Erol Sunat

Erol Sunat

Nerde bizim lezzet markalarımız?

Nerde bizim lezzet markalarımız?

Konya, lezzet markalarıyla donanmış bir şehir! Hem de ülke çapında! Lakin Gastronomi şehri olmanın yine birkaç adım gerisinde kaldı!

Bunu telafi edebilme adına düzenlenen Gastronomi günlerinin biri daha sona ererken, neredeydi bizim markalarımız?

Bamya çorbamız efsaneydi bizim! Etli ekmeğimiz de öyle! Fırın Kebabımız da!

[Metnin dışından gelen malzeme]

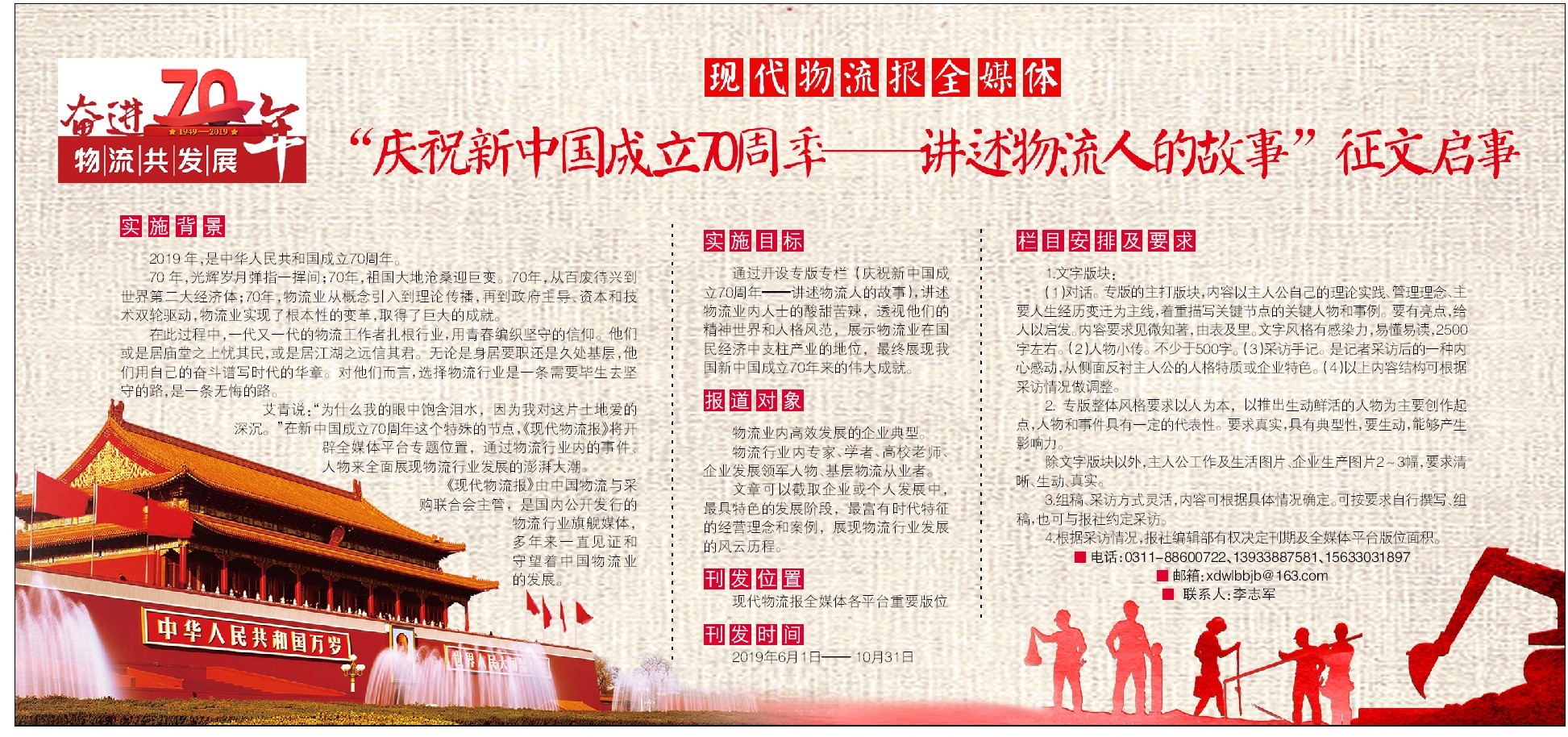 “庆祝新中国成立70周年——讲述物流人的故事”征文启事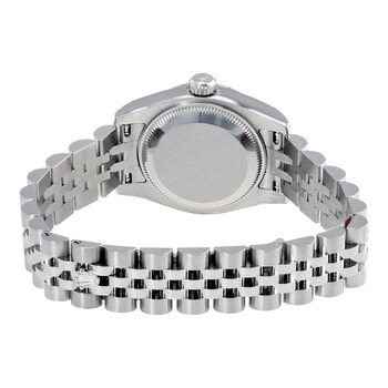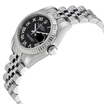 Stainless steel case with a stainless steel Rolex jubilee bracelet. Fixed fluted 18kt white gold bezel. Black dial with silver-tone hands and Roman numeral hour markers. Minute markers around the outer rim. Dial Type: Analog. Date display at the 3 o'clock position. Automatic movement with a 48-hour power reserve. Scratch resistant sapphire crystal. Solid case back. Case diameter: 26 mm. Round case shape. Hidden deployment clasp. Water resistant at 100 meters / 330 feet. Functions: date, hour, minute, second. Additional Info: date displays at 3 o'clock position. Luxury watch style. Watch label: Swiss Made. Item Variations: 179174, 179174-BKRJ, Rolex-179174, Rolex-179174-BKRJ. Rolex Lady Datejust 26 Black Dial Stainless Steel Rolex Jubilee Automatic Watch 179174BKRJ.
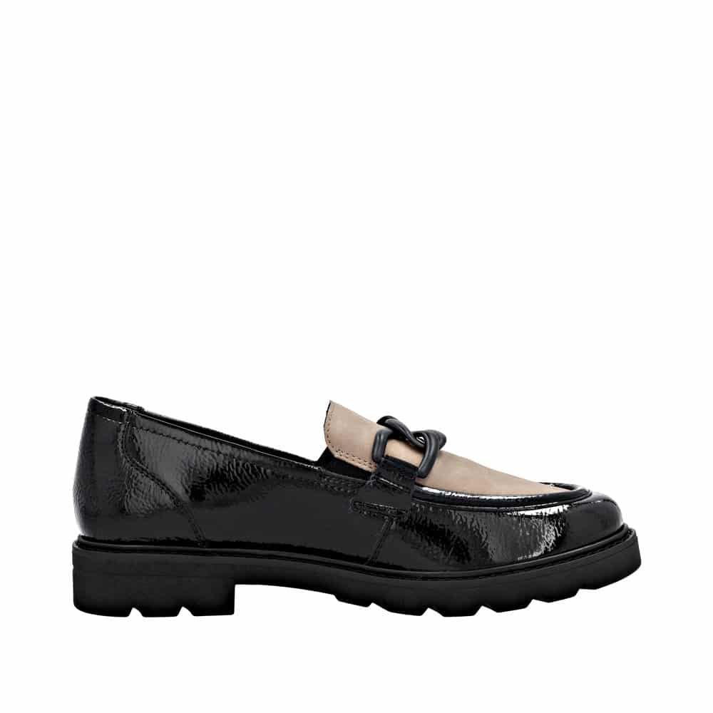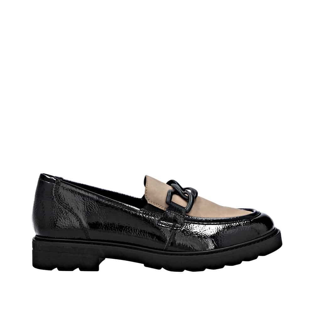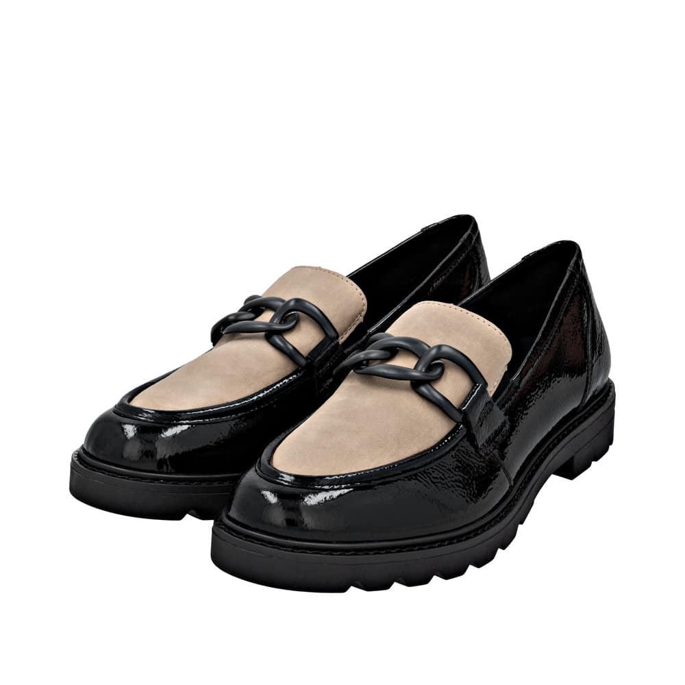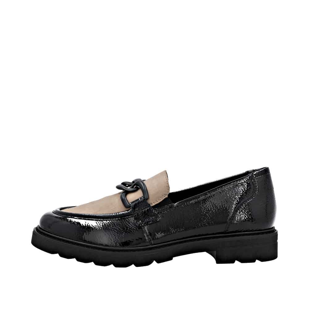 Vječna mokasina, crna s dodatkom brušene kože na gornjištu, lakirana s dostatnom malom petom, gumiranim džoništem, sistemom obuješ i ideš, a sve opisano ponuđeno je u novoj kolekciji Remonte za jesen. Uz malu peticu od 2 cm nema bojazni od opterećenja kralježnice niti boli u listovima od dugog stajanja ili hodanja. Najbolji je osjećaj imati novi par obuće kojeg lako i jednostavno kombinirate uz sve odjevne kombinacije. Iz sezone u sezonu sve kombinacije se divno nose uz uvijek traženu crnu boju, uz koju svaka kombinacija izgleda drugačije i posebno.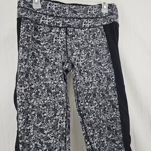 Athleta DITSY STRIPE BALANCE CAPRI Floral Black Women's Size Medium Athletic

Sonra, tiridimiz pek meşhurdu!

Nerde bizim lezzet markalarımız?

Neden yoktu bir tanesi bile Ecdat Parkında?

Bu lezzetler Gastronomi Günlerinde neden yoktu diye insanlar sordu!

Dediler ki;

Davet mi edilmediler, yoksa davet edildiler de gelmediler mi?

Artık her ne olduysa…

Bu markalar olmadan Gastrofest uçamadı…

Sadece Ecdat Parkının içinde dolaştı durdu!

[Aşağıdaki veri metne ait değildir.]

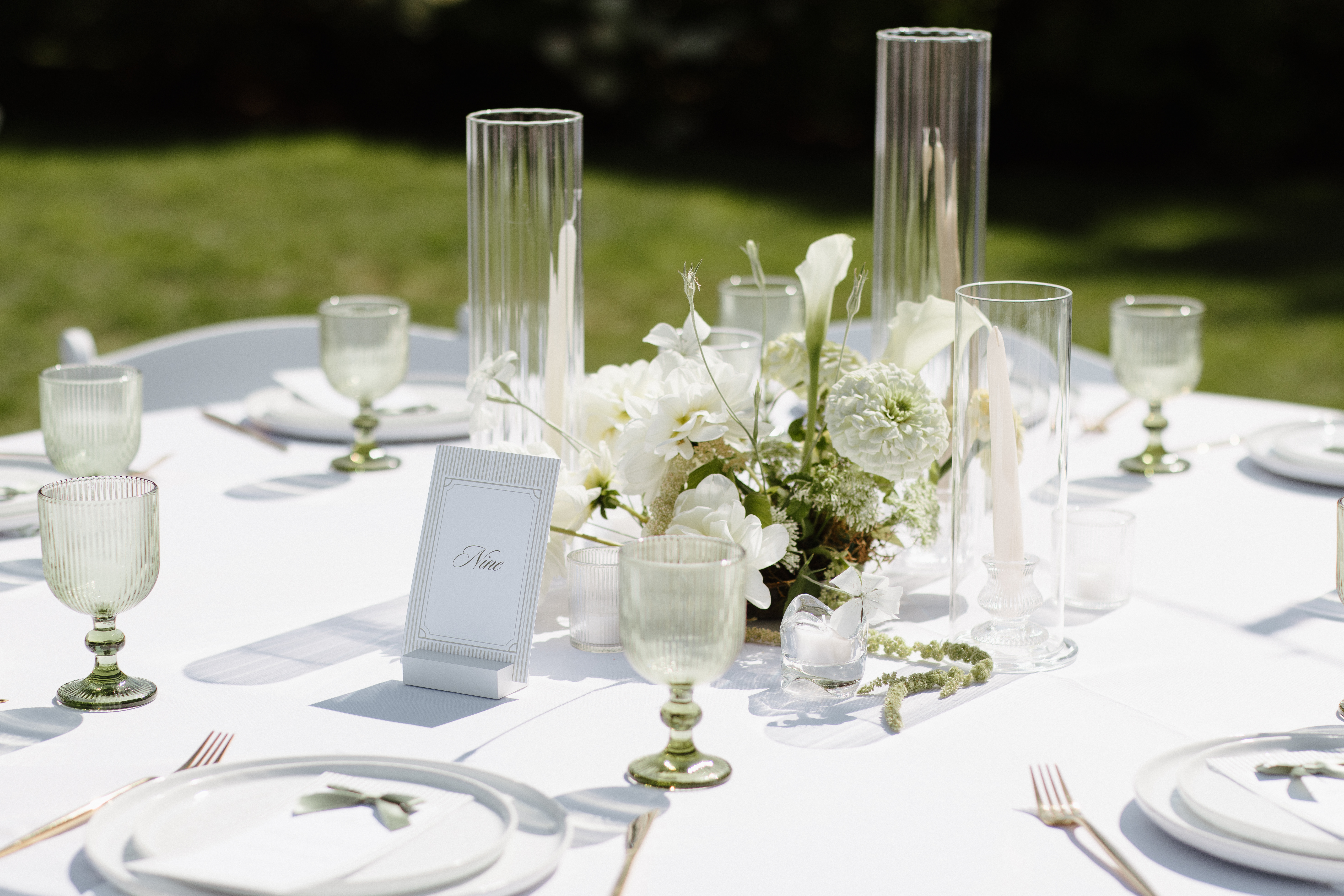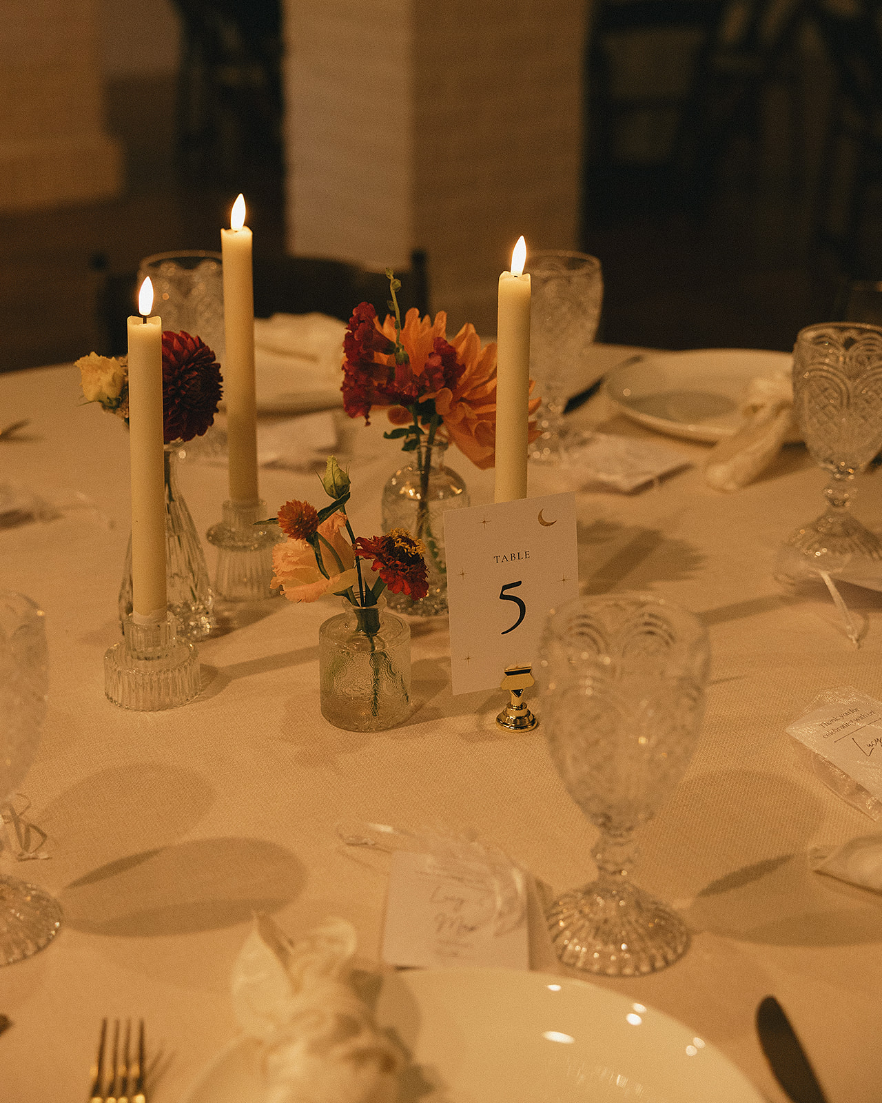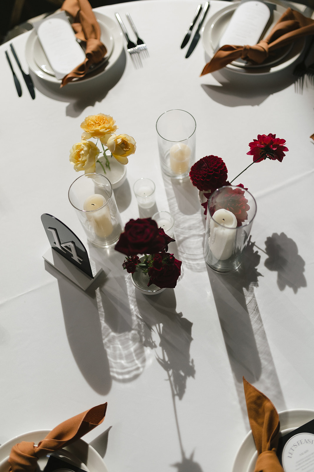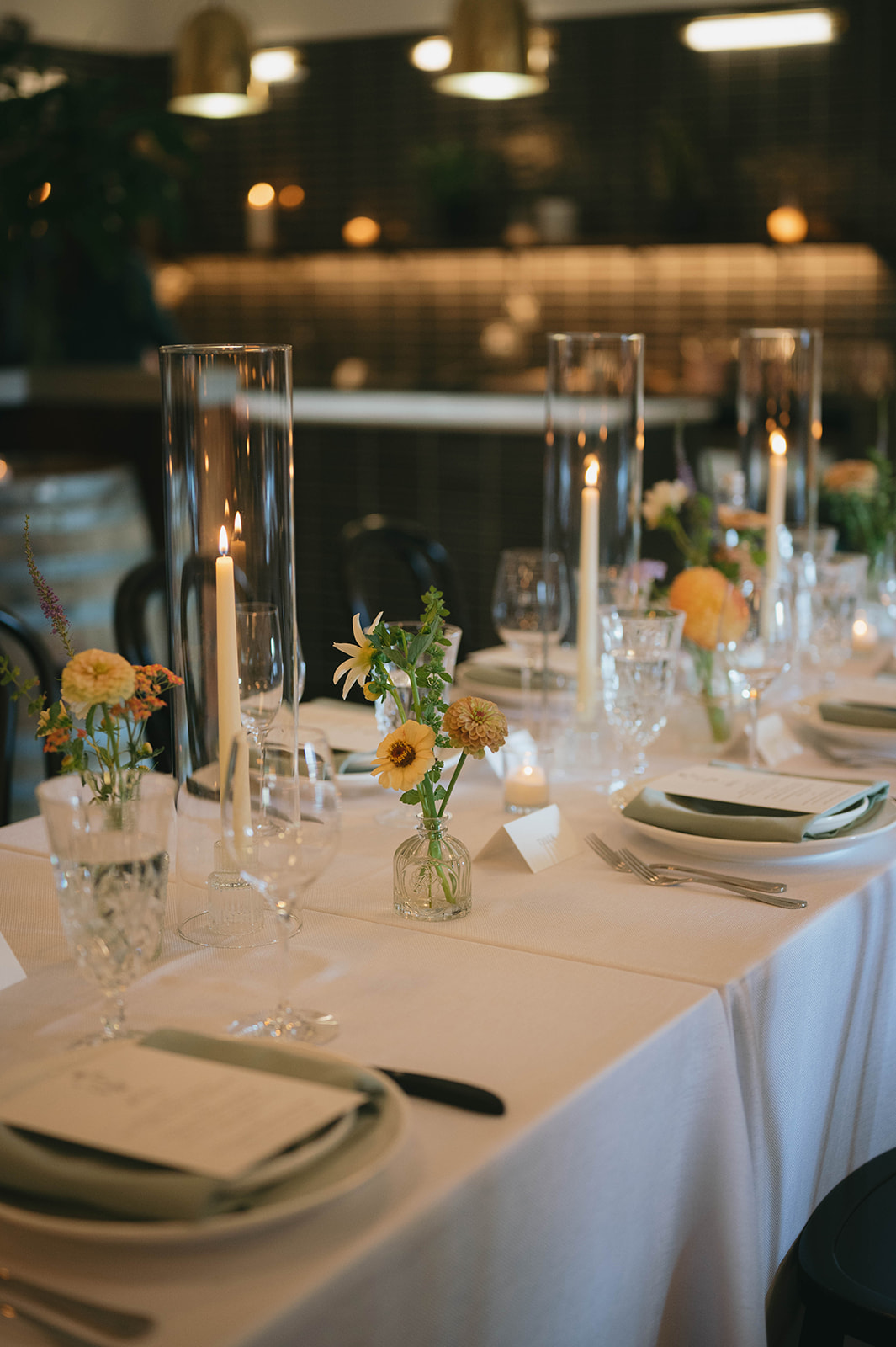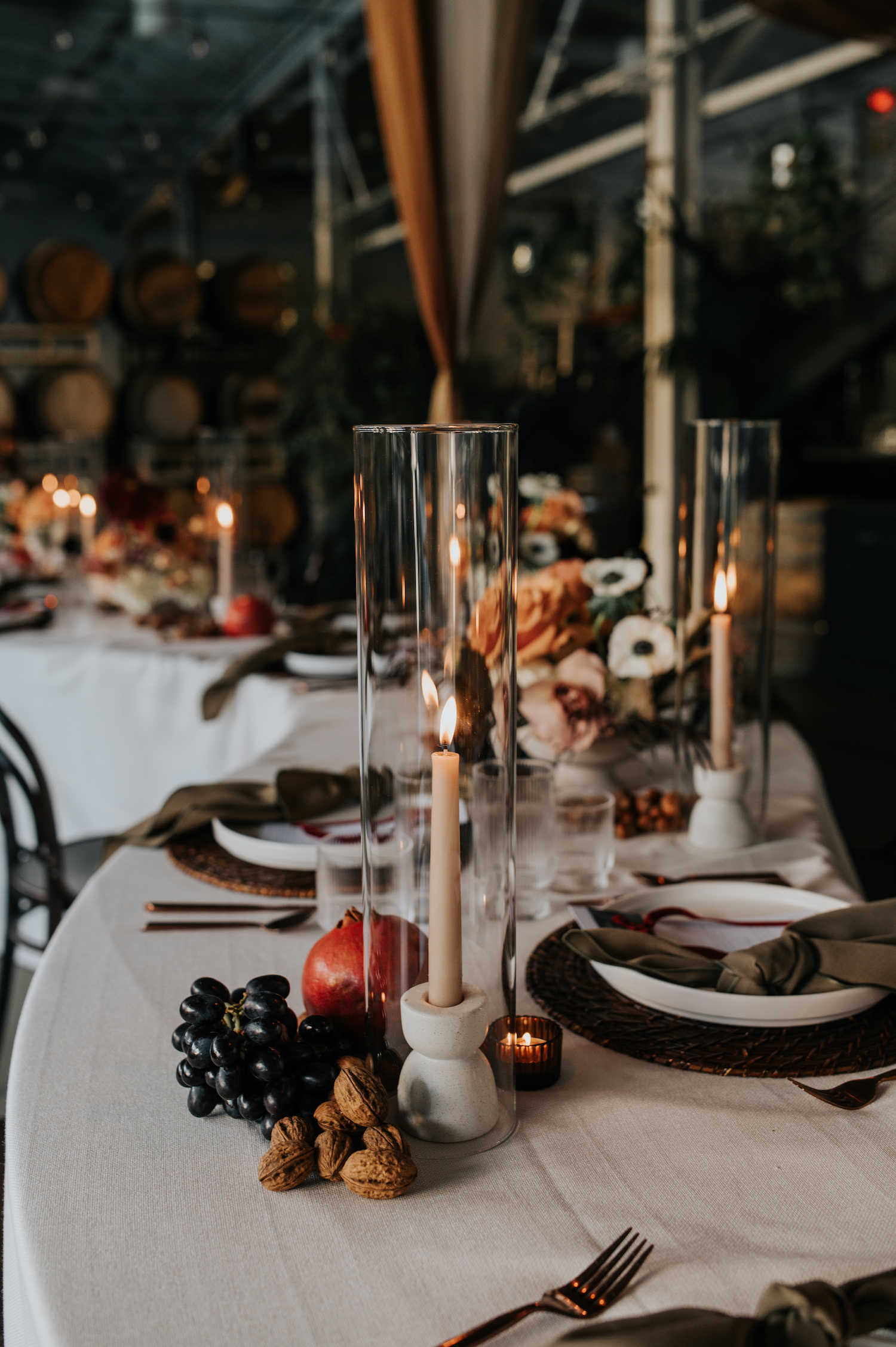 A trio bud vases or pin cups alongside candles create a simple, airy vibe to any table center. We recommend alternating this style with another centerpiece option for added depth. A small modern & airy tray surrounded by a trio of candles is also a beautiful option!

Konya etkinliğe açtı…Hava güzeldi…Herkes çoluk-çocuk koştu Ecdat Parkına…

Gastronomi Günlerinin tek güzel tarafı böyle etkinliklere hasret insanların Ecdat Parkını hiç olmadığı kadar doldurmasıydı…

İnsanların gözleri o markaları aradı. Şurada mı, burada mı diye bir baştan bir başa dolaştılar, bulamadılar! Kalabalıklar, Ecdat Parkındaki bu etkinliğin şehir için ne denli gerekli olduğunu gözler önüne serdi. Tabi, bir de lezzet markalarını sorguladı insanlar!

Mademki şehrin markasısın, neden burada yoksun dediler!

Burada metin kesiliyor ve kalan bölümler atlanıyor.